Ironically, I am thankful that I was able to gain this insight during one of the worst periods in our modern-day immigration history. My time with the Legal Aid Society overlapped with many of the recent attacks on immigrants, including the confusion over adding a citizenship question to the 2020 census, ICE raids, and President Trump’s new plan to bar Central Americans from receiving asylum. Despite this and the ensuing stress, I have witnessed the unit’s attorneys, staff members, volunteers, and interns continue to work tenaciously to provide the best support to immigrants in need. I now realize that I ultimately want to work with an organization and among individuals who exhibit that unwavering commitment to helping others–even in the face of resistance. Furthermore, I want to be an individual who promotes and inspires these characteristics, as well.

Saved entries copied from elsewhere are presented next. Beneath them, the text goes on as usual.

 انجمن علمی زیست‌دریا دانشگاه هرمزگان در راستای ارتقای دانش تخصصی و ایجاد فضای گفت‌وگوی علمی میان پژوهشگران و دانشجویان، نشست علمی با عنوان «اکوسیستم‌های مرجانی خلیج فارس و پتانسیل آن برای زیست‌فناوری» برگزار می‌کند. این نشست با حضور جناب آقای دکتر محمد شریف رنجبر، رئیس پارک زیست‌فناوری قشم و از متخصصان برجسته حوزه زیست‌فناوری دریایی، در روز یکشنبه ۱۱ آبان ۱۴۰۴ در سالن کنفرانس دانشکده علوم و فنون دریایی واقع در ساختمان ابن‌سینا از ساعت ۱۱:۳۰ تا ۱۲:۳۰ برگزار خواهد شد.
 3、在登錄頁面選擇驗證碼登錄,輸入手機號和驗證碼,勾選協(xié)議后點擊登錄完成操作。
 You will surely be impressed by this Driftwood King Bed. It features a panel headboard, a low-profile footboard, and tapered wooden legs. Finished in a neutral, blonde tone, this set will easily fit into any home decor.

I weigh the value of my internship through the time spent and the work done here. But, beyond that, I prioritize the implications of how my time and work have shaped how I view myself and my surroundings. The biggest take-away from my internship is not the fact that I can fax, copy, and scan like a pro. Nor is it my expanded knowledge of immigration law and legal advocacy. It’s not even how much I have been able to directly assist immigrants. It’s the fact that, having gained all these newfound skills, I now feel confident enough, strong enough, and inspired enough to sustainably and skillfully pursue a career in such a critical field.

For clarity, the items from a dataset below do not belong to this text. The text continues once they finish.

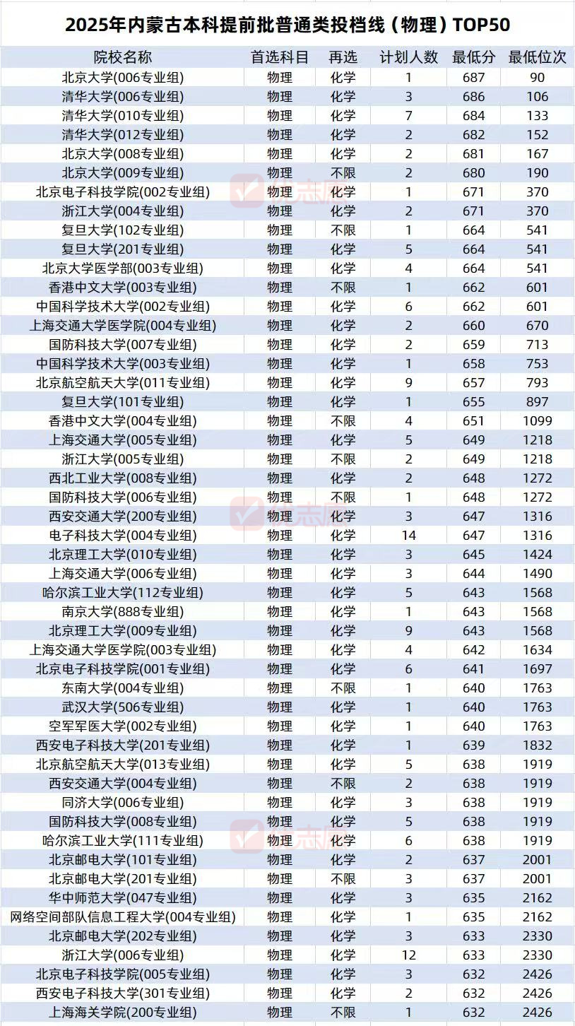 2025年内蒙古提前批分数线(物理)榜单上,西北工业大学008组航空航天类(航宇力学)高校专项计划首次进入本科提前批以648分的最低分跻身前三十,位列第二十二,竞争优势显著。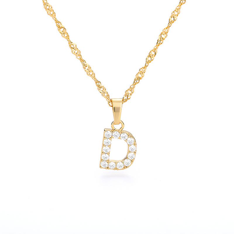 (D) Gold Zircon Letter Pendant Stainless Steel Chain 18k Gold Plated 26 Letter Necklacea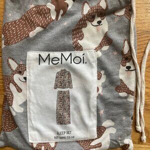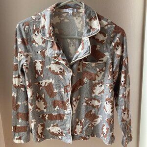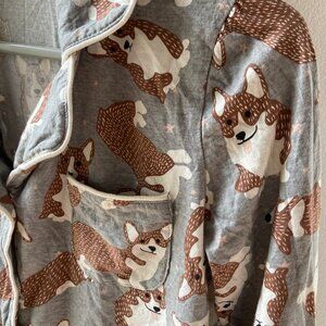 Brand new, button-down, long sleeve top with matching elastic-waist long pant bottoms. Corgis all over! Purchased these to donate for an animal fundraising event that never took place, so I'm selling. Pajamas will come folded up in a drawstring, tie up pouch (and may be a little wrinkled from being stored in the pouch). Colors are grey, brown and white.

My advice to anyone who wants to pursue an internship with the Legal Aid Society or in legal advocacy is to take care of yourself and to bask in the opportunity to engage with individuals of different cultures and backgrounds. But my broader advice to anyone pursuing an internship in any field is to assess how the tasks you are doing, the community you belong to, and the people you are interacting with enhance your own feelings of competency and belonging. The world is a profoundly better place when its inhabitants are pursuing their passions, evolving with their work, and enjoying what they are doing. Any new experience or internship is an opportunity to test out the waters in a field that might meet this criteria. Each new opportunity, no matter how favorable its outcome, is a step in the ongoing, evolving process of finding what fulfills you.

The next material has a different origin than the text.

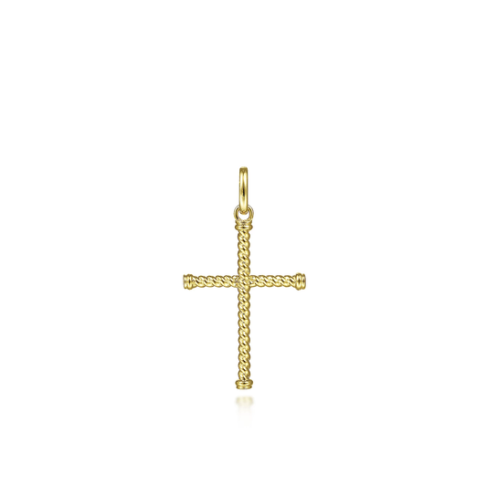 A timeless symbol of faith and strength, this 14K Yellow Gold Twisted Rope Cross offers...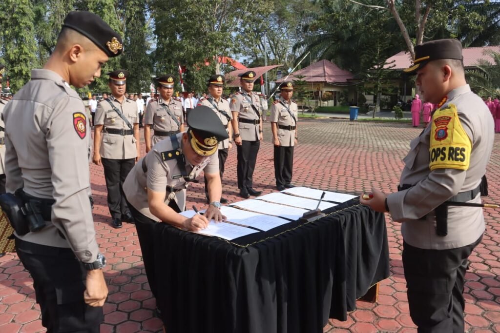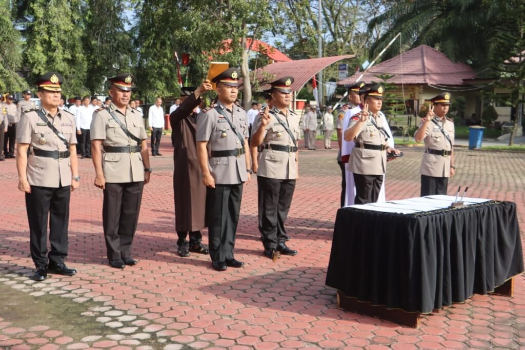 MEDIAINVESTIGASIMABES.CO.ID | Tanjung Pura – Kapolres Langkat AKBP Faisal Rahmat HS, SIK. SH. MH Memimpin Upacara serah terima jabatan Kabag Log ,Kasat Samapta, Kapolsek Kuala, Kapolsek Pangkalan Brandan, dan Kapolsek Tanjung Pura Polres Langkat di Lapangan Jananuraga Polres Langkat pada hari Senin (15/01/2024) Pukul 09.00 WIB.

My internship was a step forward in this process, and I am grateful to have cultivated an even greater passion for legal advocacy.
I am so thankful to the Legal Aid Society’s Immigration Law Unit for allowing me to participate in such a meaningful and amazing internship. I am also appreciative of the Hiatt Career Center, the World of Work (WOW) Social Justice grant, and my WOW adviser Kim Airasian for providing me with the funds and the support to pursue an internship in NYC with the Legal Aid Society this summer.